MAE answers a simple question: on average, how far are my predictions from the actual values? Unlike the Mean Squared Error (MSE) which squares each error, MAE treats all errors linearly — a prediction that is off by 10 units contributes exactly twice as much to MAE as a prediction off by 5 units. This linear treatment makes MAE intuitive and robust to outliers, as large errors do not disproportionately dominate the metric.
The simplicity and interpretability of MAE are its greatest strengths. If you are forecasting daily sales and your MAE is 15 units, you can directly tell stakeholders: "Our forecasts are typically off by about 15 units per day." This directness makes MAE particularly valuable in operational contexts where decision-makers need actionable, understandable accuracy measures rather than abstract statistical quantities.
MAE is expressed in the same units as the original data, making it immediately meaningful within the context of the problem. A MAE of 500 means something very different for a series averaging 10,000 versus one averaging 600. For this reason, MAE is often complemented by MAPE (which normalizes by actual values) when comparing accuracy across series of different scales.
In machine learning, MAE serves as both an evaluation metric and a loss function (L1 loss). Models trained with MAE loss are more robust to outliers than those trained with MSE loss, because MAE does not amplify the influence of extreme errors. This makes MAE-optimized models preferable when the data contains occasional large outliers that should not unduly influence predictions.
This calculator accepts up to 5 actual-forecast pairs and returns both the MAE and the total absolute error.
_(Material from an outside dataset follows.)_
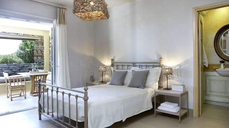 Die 8 rustikalen Villen des Diles & Rinies Hotels bieten eine gemütliche und komfortable Unterkunft. Jede Villa erstreckt sich über 2 Etagen und verfügt über Holzbalkendecken und Steindetails, die für ein rustikales Ambiente sorgen. Die Villen sind mit einem gemütlichen Wohnbereich mit Kamin, einer offenen Küche mit Herd, Kühlschrank und Geschirrspüler sowie einem eigenen Bad mit Dusche oder Badewanne ausgestattet. Eine Waschmaschine ist ebenfalls vorhanden. Die Villen bieten zudem möblierte Balkone oder Veranden mit Panoramablick auf die Ägäis.
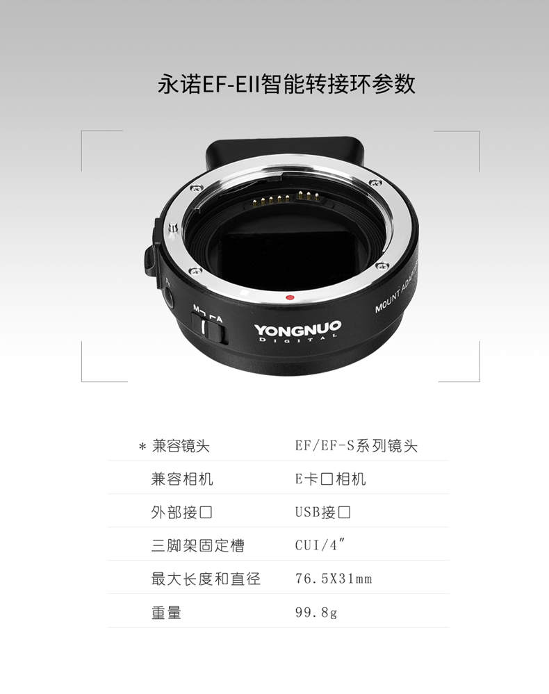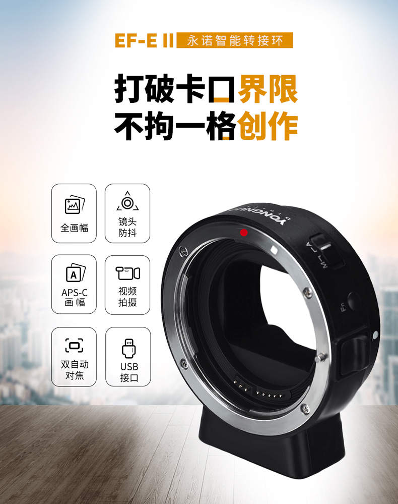 永诺E口转接环EF-E II佳能EF/EF-S镜头转索尼a6400 a7全画幅微单

Whether you are evaluating a statistical forecast, a machine learning model, or a human expert's predictions, MAE provides a clear, fair, and easily communicated measure of accuracy that works for any data type and scale.
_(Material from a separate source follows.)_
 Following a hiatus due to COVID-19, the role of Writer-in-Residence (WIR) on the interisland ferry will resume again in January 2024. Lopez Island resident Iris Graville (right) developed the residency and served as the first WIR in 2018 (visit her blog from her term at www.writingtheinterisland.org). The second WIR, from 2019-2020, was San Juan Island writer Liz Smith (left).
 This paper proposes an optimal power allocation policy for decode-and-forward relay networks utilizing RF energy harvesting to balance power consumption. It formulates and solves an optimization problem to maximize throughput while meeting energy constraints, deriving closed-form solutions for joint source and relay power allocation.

The Mean Absolute Error is computed as the arithmetic mean of the absolute differences between actual and forecast values:
$$\text{MAE} = \frac{1}{n} \sum_{i=1}^{n} |A_i - F_i|$$
where $$A_i$$ is the actual value, $$F_i$$ is the forecast value, and n is the number of observation pairs.
The Total Absolute Error is simply the unnormalized sum:
$$\text{TAE} = \sum_{i=1}^{n} |A_i - F_i|$$
The relationship between MAE and TAE is:
$$\text{MAE} = \frac{\text{TAE}}{n}$$
MAE has several desirable mathematical properties: it is always non-negative (MAE ≥ 0), it equals zero only when all forecasts are perfect, it is robust to outliers (compared to MSE), and it has a straightforward interpretation in the original data units. The MAE corresponds to the L1 norm (or Manhattan distance) of the error vector divided by the number of observations.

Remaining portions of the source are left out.